Materials provided -
● ● ● ● ●
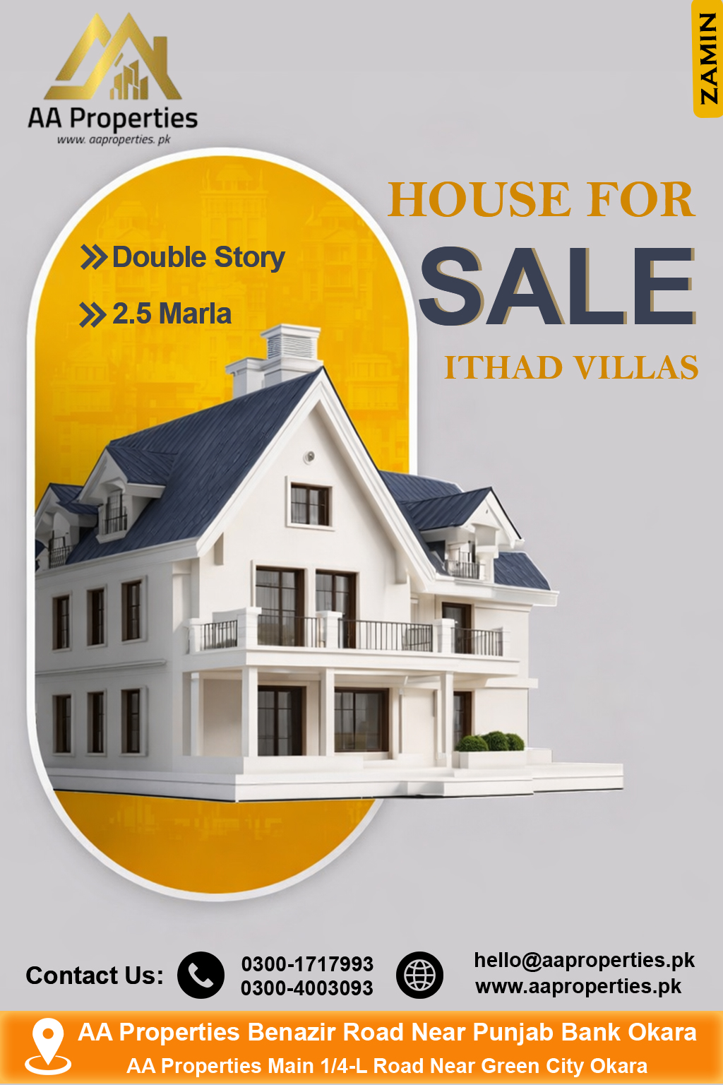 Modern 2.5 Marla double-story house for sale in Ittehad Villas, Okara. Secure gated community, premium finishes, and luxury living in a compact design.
● ● ● ● ●
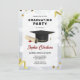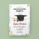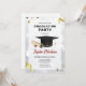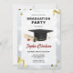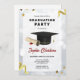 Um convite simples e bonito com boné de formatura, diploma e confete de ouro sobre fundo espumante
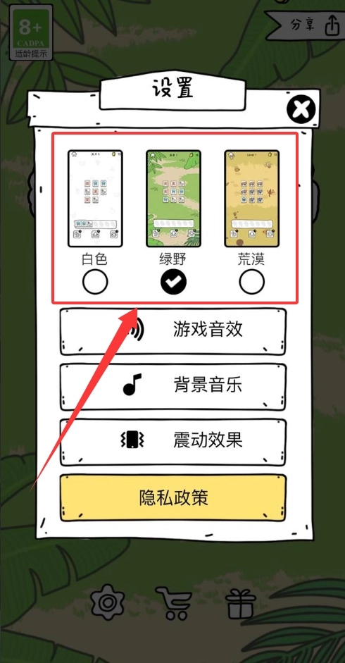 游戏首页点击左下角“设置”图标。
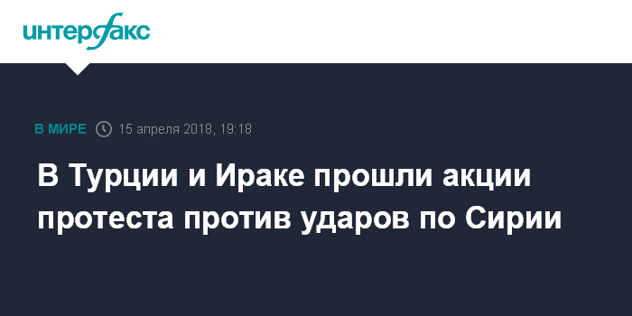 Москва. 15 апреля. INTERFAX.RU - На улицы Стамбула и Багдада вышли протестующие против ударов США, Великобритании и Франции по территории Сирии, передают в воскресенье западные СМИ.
● ● ● ● ●
Only the lines starting at the one that includes "Um convite simples" and ending at the one that includes "Москва. 15 апреля." should be retyped, exactly, from the records above; no pictures.

Written solution -
 Um convite simples e bonito com boné de formatura, diploma e confete de ouro sobre fundo espumante
 游戏首页点击左下角“设置”图标。
 Москва. 15 апреля. INTERFAX.RU - На улицы Стамбула и Багдада вышли протестующие против ударов США, Великобритании и Франции по территории Сирии, передают в воскресенье западные СМИ.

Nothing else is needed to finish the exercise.